CA Application Performance Management (APM / Wily / Introscope)

Issue/Introduction

The following is a high-list of techniques and suggestions to employ when troubleshooting the below Introscope Java common performance and configuration issues:

- Java Agent Installation problems
- Instrumentation not working
- Agent overhead - high CPU and memory consumption
- Application slow response time and/or not working

Environment

- APM Introscope EM 10.x

- APM Agents 10.x, 11.x, Agents from SaaS platform

Resolution


Agent Metrics not visible in Investigator

Suggestions:

1. Check the agent clamp from the Metric Browser, expand the branch

 Custom Metric Host (virtual)
   - Custom Metric Process (virtual)
      - Custom Metric Agent (virtual)([email protected])(SuperDomain)
         - Agents
            - Host
               - Process
                   - AgentName

looks at the values for : “is Clamped” metric, it should be 0

2. If you are using an Agent package from SaaS to connect to Introscope EM 10.7. x

Make sure to update the IntroscopeAgent profile as below:

a) unset agentManager.credential as below:
agentManager.credential=

b) Add hidden property
introscope.agent.connection.compatibility.version=10.7

For more information refer to: https://ca-broadcom.wolkenservicedesk.com/external/article?articleId=142917




JVM Hangs, Crashes, High CPU, OutOfMemory

Suggestions:

1. If  you are using JVM J9 from IBM, it is recommended to use AgentNoRedefNoRetrans.jar and IntroscopeAgent.NoRedef.profile  instead.

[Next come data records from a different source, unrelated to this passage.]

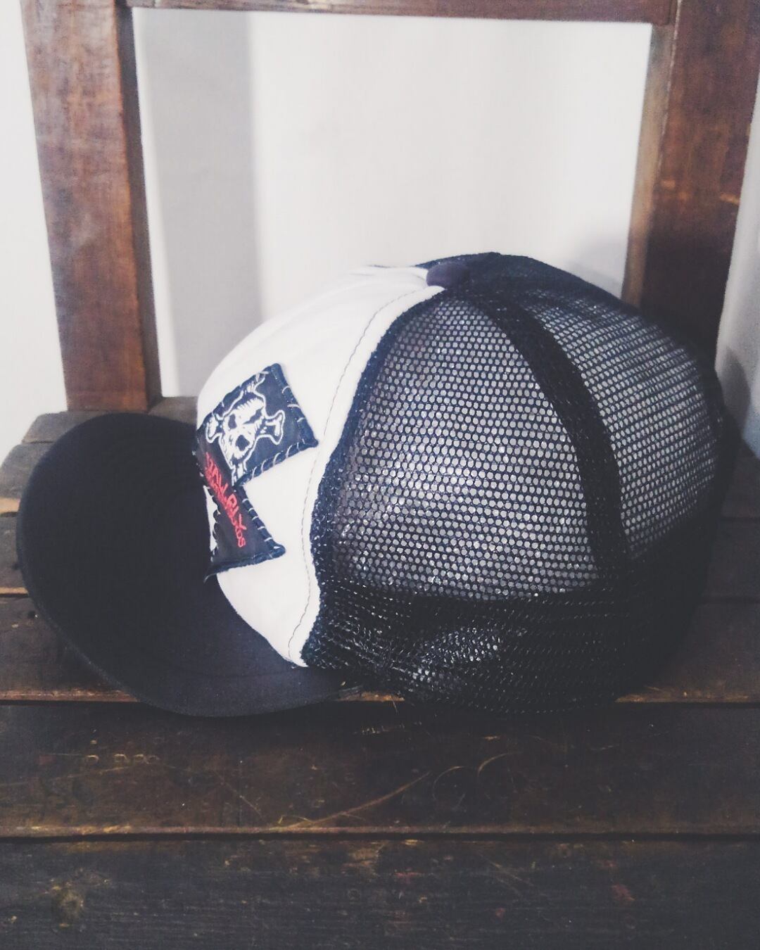 おそらくこちらは当時のスケートキッズが作製したモノかと思われ、当時のスケートカルチャーであるフリップアップされたバイザーや雑なステッチもクールでカッコいいです。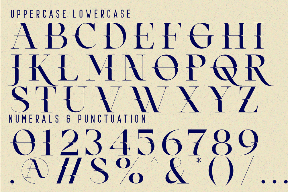Across Sensory Modern Serif Font – is a sophisticated modern serif typeface that blends high fashion elegance with artistic flair. Its high-contrast strokes, refined serifs, and sweeping swashes create a sense of movement and luxury, while unique star-shaped details inside letterforms add a distinctive, celestial charm. This font is designed for those who want their typography to shine—perfect for branding, editorial titles, luxury packaging, wedding invitations, and creative display designs. With over 100 custom ligatures, Across Sensory allows for seamless and artistic letter connections, making your text look handcrafted and uniquely yours.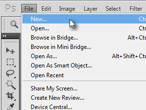 ![]() Najprej izberite nov dokument. Velikost dokumenta izberite poljubno. |
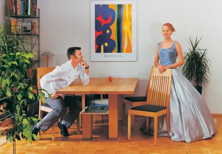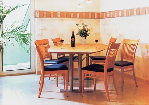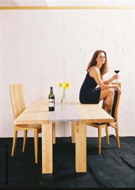 Der Essplatz zum Wohnzimmer in Kirschbaum . Das leichte Edelstahlgestell trägt die Kirschbaumplatte (da sie nicht so hart wie Buche oder Ahorn ist, sollten sich übrigens nur gesittet speisende Paare dafür entscheiden). Die Stühle sind von Potocco.
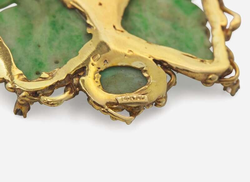 Butterfly: Some scratches and wear to metal, some glue visible on the back of the brooch, stamped “14KAU”, clasp in working order, set with two carved jade wings each measuring approximately 17.14mm x 25.32mm, two oval-cut jade each measuring approximately 8.00mm x 11.80mm, five round-cut pink spinel each measuring approximately 2.30mm, and four round brilliant-cut diamonds each measuring approximately 2.10mm, near colorless (G – J), with SI – I clarity. Total estimated weight of diamonds: 0.12 carats.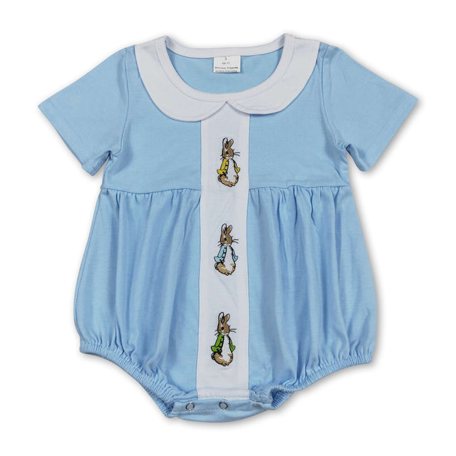 Light blue short sleeves rabbit baby boys Easter romper - 0-3M is backordered and will ship as soon as it is back in stock.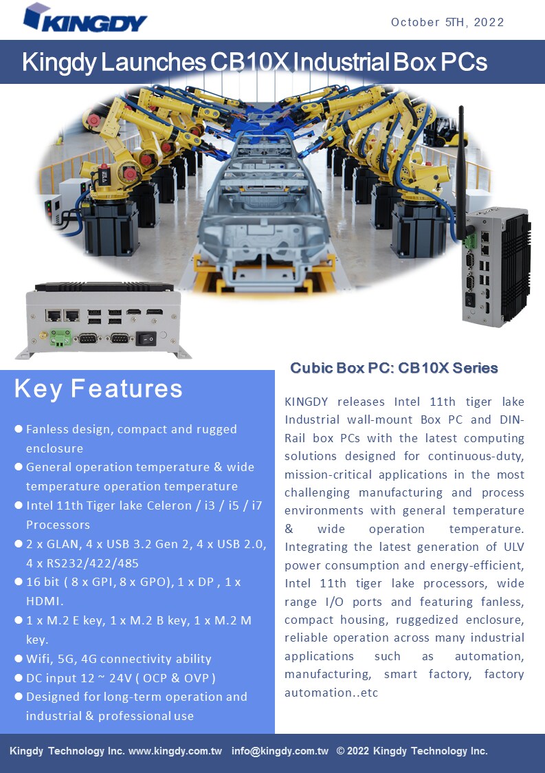 KINGDY發佈Intel第11代Tiger Lake工業壁掛式箱式PC和DIN Rail箱式PC,提供最新的解決方案,適用於一般溫度和寬工作溫度下最具挑戰性的製造和工藝環境中的連續工作、關鍵任務應用。 集成了最新一代ULV功耗和能效,Intel第11代Tiger Lake處理器,廣泛的I/O埠,具有無風扇、緊湊的外殼、堅固的外殼,可在自動化、製造、智慧工廠、工廠自動化等多種工業應用中可靠運行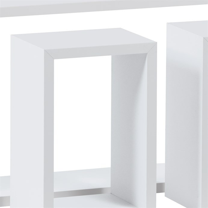 Sada tří nástěnných polic v matném bílém provedení je vyrobena z MDF materiálu, který zajišťuje pevnost a stabilitu. Jednoduchý a čistý design umožňuje variabilní uspořádání na stěně podle potřeby a stylu interiéru. Poličky jsou vhodné pro vystavení drobných dekorací, knih či praktických předmětů, přičemž jejich povrch se snadno udržuje. Díky různým rozměrům jednotlivých kusů lze vytvořit zajímavé kompozice, které prostor opticky oživí. Balení obsahuje ochrannou fólii pro bezpečnou manipulaci a přepravu.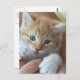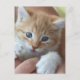 niedliches kleines Kätzchen mit Ingwer-Fell und großen blauen Augen - fest gehalten

2. In case of high CPU, disable manually Platform monitor: 
Move all the libIntroscope<OS>Stats.* and introscope<OS>Stats.jar files that corresponds to your platform to another directory outside the agent directory

3. If Websphere appsever is in-use and jvm is unable to startup, check if appserver log is reporting a NoClassDefFoundError, restart the appserver with JVM option -Xshareclasses:none

java.lang.NoClassDefFoundError: com.wily.introscope.agent.blame.VirtualStack$TransactionCache (initialization failure)
at java.lang.J9VMInternals.initialize(J9VMInternals.java:140)
at com.wily.introscope.agent.blame.VirtualStack$VirtualStackCursor.<init>(VirtualStack.java:694)
at com.wily.introscope.agent.blame.VirtualStack$1.initialValue(VirtualStack.java:723)
at com.wily.introscope.agent.blame.VirtualStack$1.initialValue(VirtualStack.java:721)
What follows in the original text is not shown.